By Bernard King with Jerome Preisler
There's a lot to admire about the life of Bernard King.
He grew up in a tough part of New York with a family that featured a distant, alcoholic father and a mother who really had little clue on how to raise children. Even so, he managed to become one of the best basketball players in the city, and earned a scholarship at Tennessee. From there, King became an All-American for the Volunteers - although he encountered some 1970s-style racism along the way.
The forward left college early to turn pro, and made the transition to the NBA smoothly on the court - although he had some problems off it. King certainly deserved eventual status as a Hall of Famer.
Now 25 years later, he's written down his account of his life in his autobiography, "Game Face." And it's interesting that King's biggest obstacle - and the one he discusses at the start of the book - had nothing to do with anything listed above.
King suffered about as bad a knee injury as you could find without getting involving in some sort of traffic accident or other disaster. He jumped in the air during a game and knew he was in trouble even before he landed. Doctors looked at him and wondered if he would ever walk normally again. Basketball figured to be in the past, not in his future.
But King worked hard, harder and hardest. He was sidelined for about two years before finally returning to the NBA. King played three full years after the injury, and got his scoring average back up to 28.4 points per game. It was a remarkable comeback.
It's easy to split this book into two parts, one more compelling than the other. King's early years are the interesting ones. His father wouldn't even let him play basketball (or do anything else) outside on Sundays until Bernard defied him. His mother apparently used a strap on him more than one, because that how she was raised. As a result, King said he felt better hiding his feelings behind a "game face" - don't let them know what you are thinking, particularly on the court. Let me assure those who are too young to remember that King was a true handful when playing - a pure scorer who earned his points every single night.
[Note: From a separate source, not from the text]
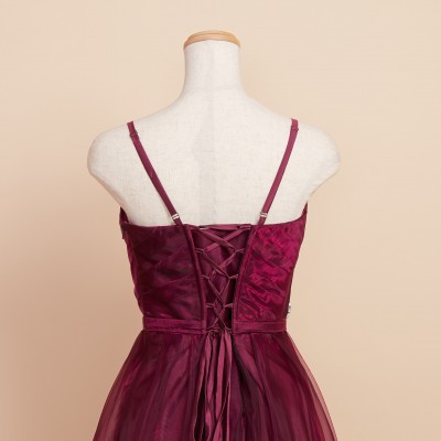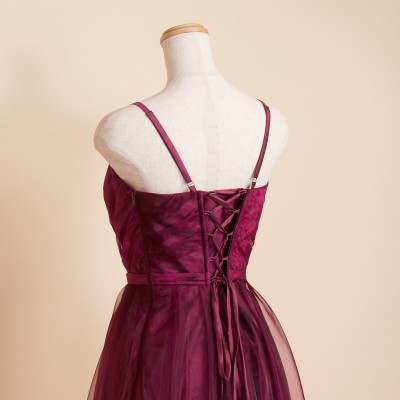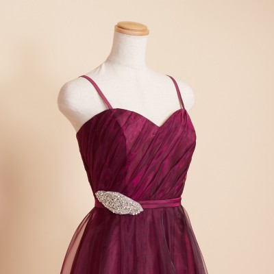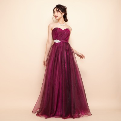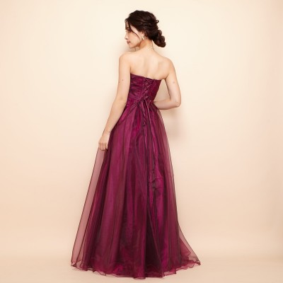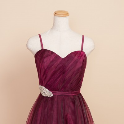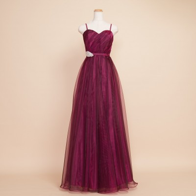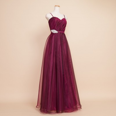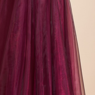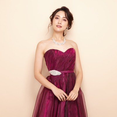 見る角度によって色が変わる艶めきオーガンジーは、まるでオーロラのベールを纏ったかのような雰囲気。軽やかな着心地とシンプルなデザインは季節問わずに着用出来るので着回し力も抜群です。ワンポイントのウエストモチーフがさりげなく輝き、しっとりと落ち着いた大人の女性に良く似合うドレスに仕上げました。熟した赤ぶどうのような芳醇で深みのあるオーロラレッドパープル

The second half of the story doesn't work as well. One of the obvious reasons is that he played with some mediocre teams over the years - emphasis on "teams," since he bounced around quite a bit through five teams. King didn't come close to playing for an NBA champion. That's not his fault, but it will be noticed by the reader.
Also missing and a little puzzling is the lack of material on younger brother Albert. He was the finest high school player in the country as a senior, and he went on to play at Maryland and then to the pros. Albert isn't even mentioned in the front half of the book, only coming up when the two players met in the postseason.
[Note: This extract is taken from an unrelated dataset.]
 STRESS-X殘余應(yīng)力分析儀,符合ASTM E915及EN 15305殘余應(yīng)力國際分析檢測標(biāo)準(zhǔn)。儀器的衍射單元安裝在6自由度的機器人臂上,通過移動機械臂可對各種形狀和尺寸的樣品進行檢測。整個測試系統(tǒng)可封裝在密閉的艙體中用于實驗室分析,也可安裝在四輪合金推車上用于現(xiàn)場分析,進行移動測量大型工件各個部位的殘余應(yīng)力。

Albert isn't alone in that description. Bernard's first wife doesn't even have her name mentioned. Also avoided is how King got away from alcohol and drug abuse, a habit he picked up early in his career. And the picture painted about what King has been doing after basketball seems incomplete. He's done some broadcasting work; let's hope he took care of his money and moved happily into middle age.
Naturally, any book written about an athlete from the 1970s or 1980s is going to feel like ancient history to some. Even so, "Game Face" lets us have a peak at a man who admits he didn't like telling much about himself back in the day. Therefore, those in the proper demographic will find this worth a read.